Mechanical testing of the bamboo fiber

The mechanical properties of the bamboo fiber were tested by tensile testing machine (QJ210, Shanghai Qingji Instrument Science and Technology Co. Ltd. [Shanghai, China]). The specimens of the bamboo fibers for tensile tests were 40 mm in length and 0.5 ± 0.05 mm in diameter. The tensile speed was 100 mm/min, referring to the pulling speed of the tensile test machine during test (Chinese National Standard). ²³ Ten tests were run for each bamboo fiber. The elongation at fracture, the tensile strength and the elastic modulus of the fiber were recorded.

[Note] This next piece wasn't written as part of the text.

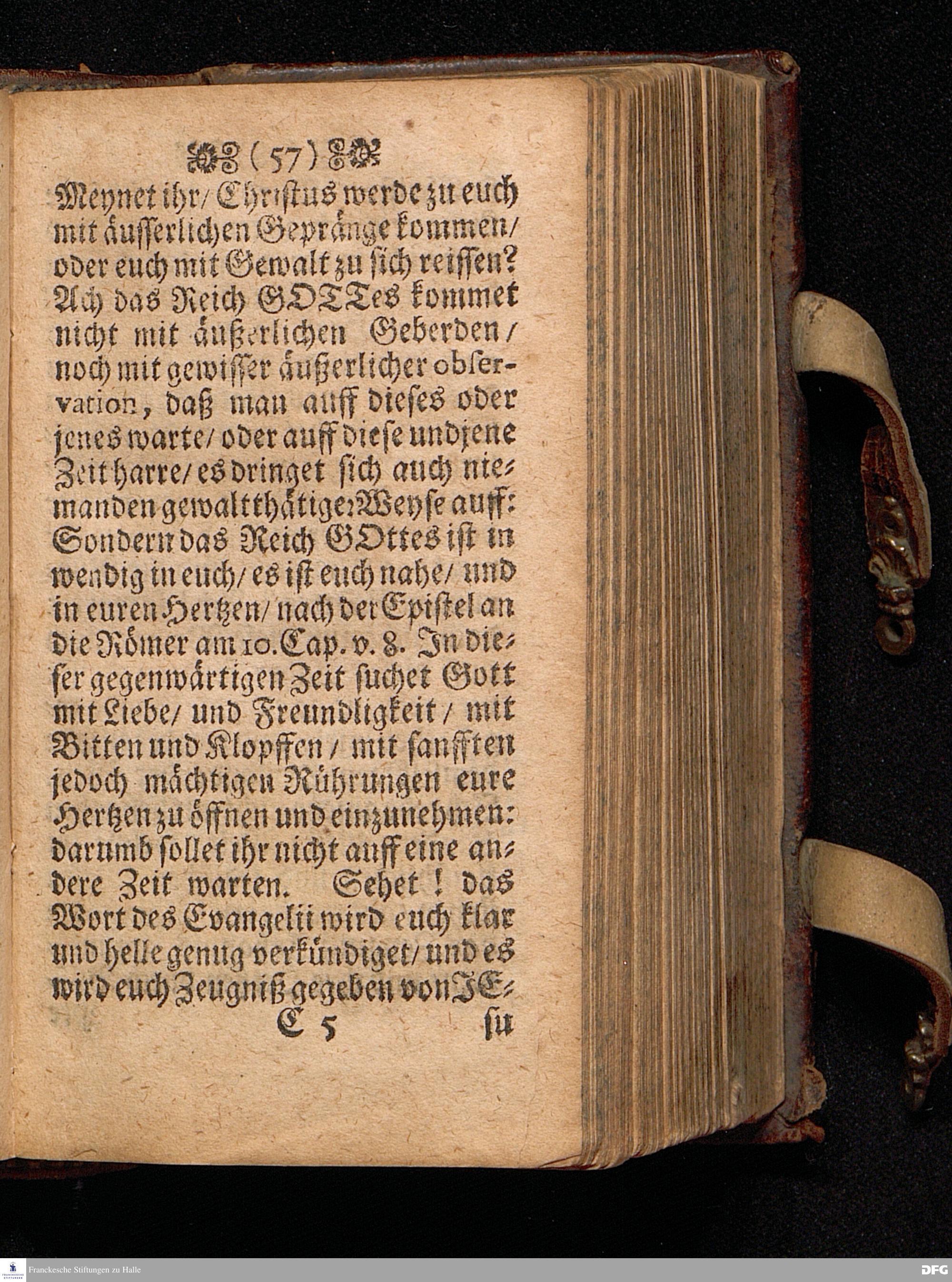 Das Gefährliche und verdammliche Harren auff die Offenbarung JEsu CHristi / In dem Exempel der Jünger Johannis und des Jüdischen Volcks vorgestellet Uber das Evangelium Matth.XI, v.2 [-10]. Am 3ten Sonntage des Advents A.M.DC.XCIIX. In der St.Georgen=Kirche zu Glaucha an Halle / von M.August Hermann Francken / SS.Theol.Gr.& OO.LL.PP. Ord.& P.Glauch. HALLE / Druckts Christian Henckel.

The raw ingredients used for the friction materials are listed in Table 1. Phenolic resin was used as adhesives; powders (such as Al₂O₃, Sb₂S, graphite, etc.) were used as fillers. The ingredients of the specimen of the brake material are listed in Table 2. The mass content of the bamboo fibers added in the brake materials were 0 wt.%, 3 wt.%, 6 wt.%, 9 wt.% and 12 wt.%. All raw materials were mixed using a blender (EBR100, Electrolux [Jilin province, China]) for 10 min. The mixed materials were blocked with the dimension of 25 mm × 25 mm × 6 mm by a compression molder equipment (JF980B, Jilin Wanda Mechanical Co, Ltd.) for 30 min at 165°C under pressure of 25 MPa, followed by heat treatment. To prevent quality problems that occur during heat treatment, the heating rate is controlled very strictly, especially when the temperature reaches at and above 120°C. Keeping the temperature constant is necessary before heating up for next state. Therefore, in this study, posttreating was segmented at 140°C for 1 h, 150°C for 3 h and 180°C for 6 h continually as shown in Figure 1.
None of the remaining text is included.